Trzecim był Szafnagl Kazimierz, indywidualność wprost niepospolita. Pochodził ze spolonizowanej niemieckiej rodziny kupieckiej, która przez umiejętne i uczciwe prowadzenie wielkich sklepów a raczej bazarów towarowych w Berdyczowie, doszła była do bardzo znacznego majątku, który potem utraciła, składając go w r. 1863 na ołtarzu miłości Ojczyzny. Ojciec Kazimierza umarł na Syberji. W znacznej mierze opiekowała się nim ciotka Radziwiłłowa z Annopola. Kazimierz, obdarzony wielkiemi zdolnościami, ukończył, mając lat 17 ze złotym medalem gimnazjum realne w Warszawie i, mając zaledwie lat 18, wstąpił do politechniki w Rydze na wydział chemiczny. Umysł miał ruchliwy i niespokojny, przerzucający się często z jednej ostateczności w drugą. Wnioski wyprowadzane w głowie na podstawie już to rzeczy przeczytanych, już to przez siebie wysnutych myśli usiłował natychmiast w czyn wprowadzić, narzucał je sobie i starał się narzucić innym z największą bezwzględnością. Posiadał wybitny talent literacki (choć, rzecz dziwna, pisał do końca życia nieortograficzne), i starał się myśli swoje wyrażać wierszem. Wiersze jego, jakkolwiek pod względem myśli piękne i często prawdziwie głębokie, nie miały jednak nigdy gładkości i potoczystości i były pod względem formy raczej twarde i chropawe, jednak na braci idealistów wywierały potężne wrażenie, a o to głównie, jeśli nie wyłącznie, autorowi chodziło. W roku 1876/7 Szafnagl był romantykiem – idealistą, trochę bajronistą, wielbicielem Słowackiego, zwolennikiem swobody indywidualnej, a stąd nieprzyjacielem wszelkich form i ceremonij, w skutku więc nieprzyjacielem korporacyj z ich formami, które uważał wprost za głupie. Z czasem nastąpiła w jego pojęciach zupełna ewolucja. Zastanawiając się nad wadami charakteru polskiego, przyszedł do przekonania, że właśnie nasz wybujały indywidualizm powinien być zwalczany przez dobrowolne poddanie się pewnym choćby przykrym i krępującym formom, że do tego celu nadaje się właśnie najlepiej ustrój korporacyjny, i stał się najgorętszym zwolennikiem założenia polskiej korporacji.

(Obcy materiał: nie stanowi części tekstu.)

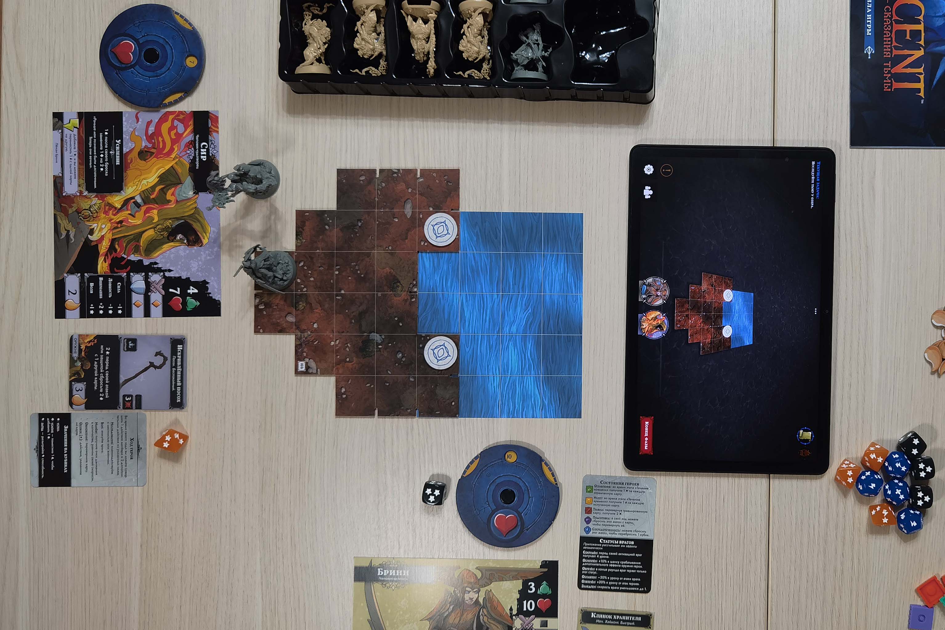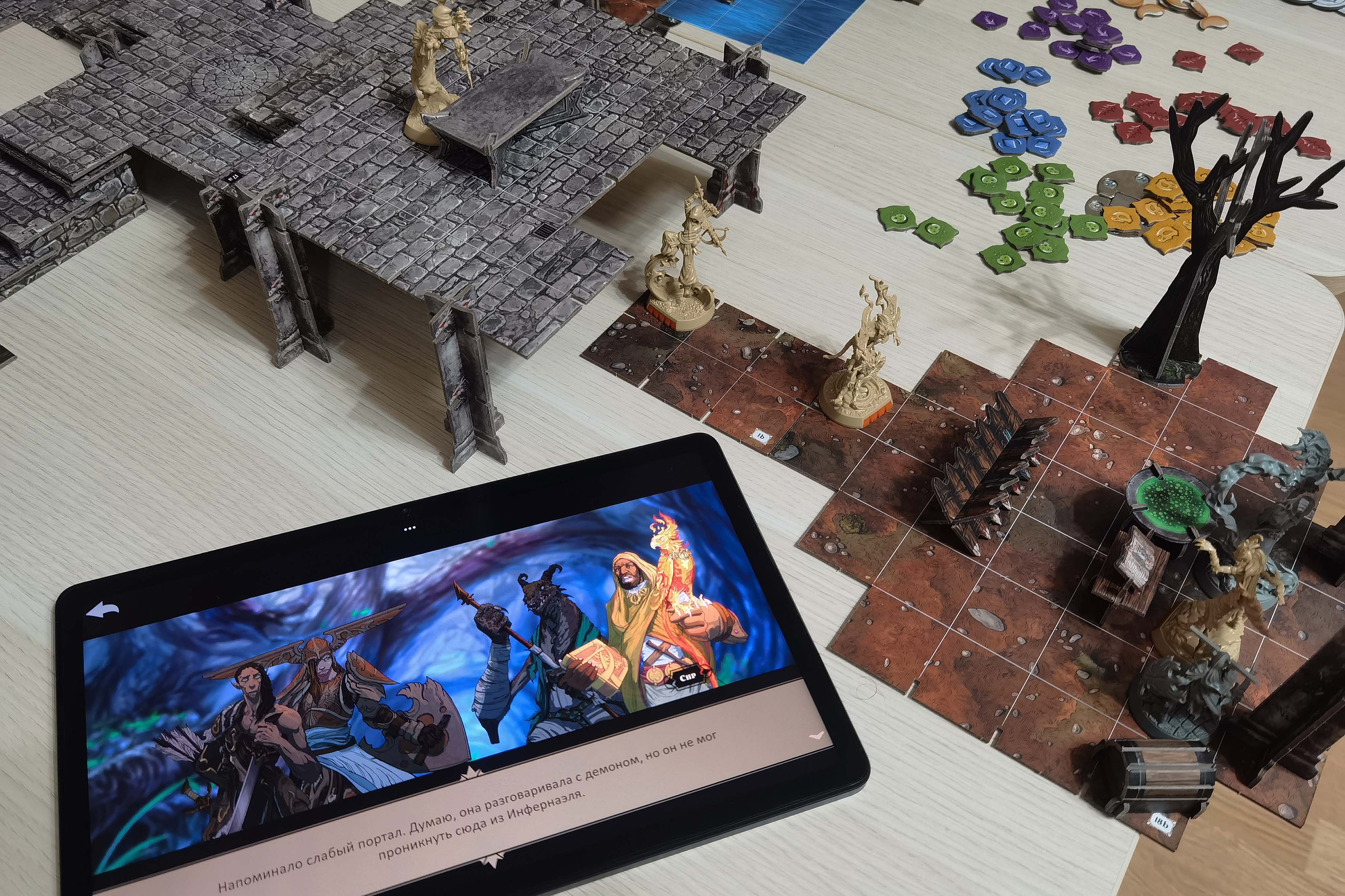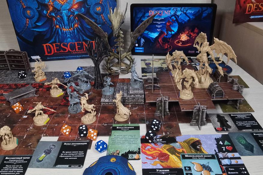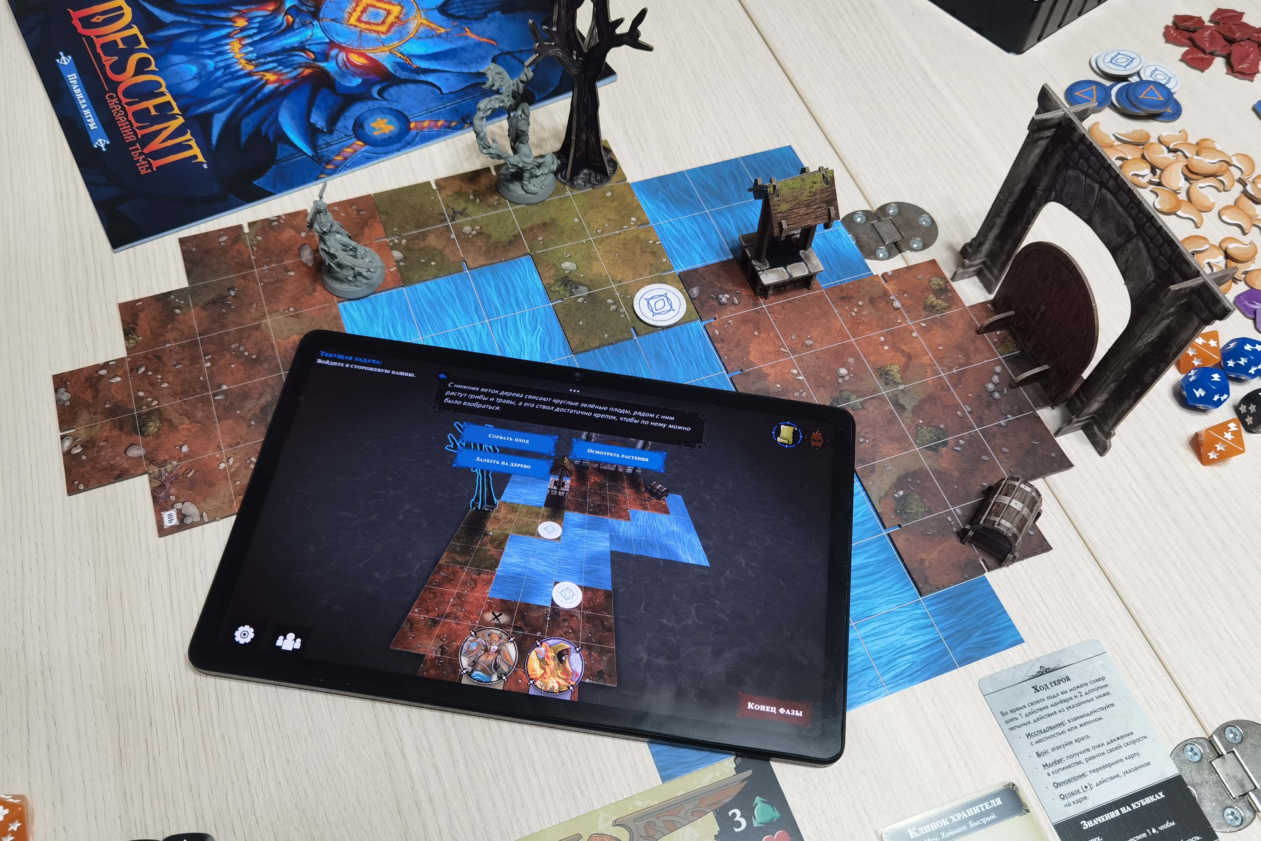 Первые две редакции настольной игры «Descent» действовали именно по описанному выше принципу, а вот ее новая интерпретация «Descent: Сказания тьмы» (разработчики называют ее не третьей редакцией, а перезапуском) сумела предложить весьма изящную альтернативу — поручить всю рутину с подсчетами мобильному приложению, значительно снизив порог вхождения и дав участникам сосредоточиться на более интересных аспектах. Попробовав настолку на одной из игротек Hobby World, я в нее буквально влюбился, и теперь уже более месяца прохожу масштабную компанию вместе с друзьями.

Czwartą wybitną jednostką był Wacław Giżycki. Wiekiem i studjami najstarszy w Kółku, posiadał też najwięcej wyrobiony charakter i najbardziej ustalony pogląd na stosunki studenterji polskiej w Rydze i na politykę, jaką tak wśród Polaków jak również przez ogół Polaków wobec Niemców prowadzić należy. Bardzo przystojny, zawsze zrównoważony i panujący nad sobą, pod względem form zewnętrznych, ubioru, zachowania się, mowy, zawsze „correct". Dobry kolega i chętnie każdemu przychodzący z pomocą, ale posiadający w obejściu pewną wyniosłość, nie dopuszczając do zbytniej poufałości, przytem zamknięty w sobie i nieskory do wywnętrzeń i zwierzeń; w dyskusji dowcipny i zręczny, łatwo podchwytujący wszelkie słabe strony przeciwnika był ogólnie szanowanym i cenionym, ale mniej kochanym. Szanowano go tem bardziej, że wiedziano ogólnie o jego zasługach przy prowadzeniu wilderji, a następnie przy założeniu i prowadzeniu Związku Polskiego. On sam ocenił Kółko zawczasu, jako najwięcej obiecującą część studenterja polskiej, i dlatego pomimo różnicy wieku i wyrobienia do niego wstąpił i wytrwale w niem pracował, że spodziewał się za jego pomocą przeprowadzić możliwie jak najlepszą organizację całego polskiego społeczeństwa studenckiego. Za ideał tej organizacji, do której dążył, uważał korporację długi czas jednak wahał się nad wyborem pomiędzy korporacją ogólną, jednoczącą wszystkich Polaków, ale skutkiem tego organizacyjnie słabsza, a korporacją ścisłą, założoną wśród wybranych skutkiem tego mniej liczną, ale jednolitą i organizacyjnie silną; ostatecznie wybór jego padł na tę ostatnią, ale los zrządził, że teren przygotowany przez niego, został przez kogo innego wyzyskany i zużytkowany.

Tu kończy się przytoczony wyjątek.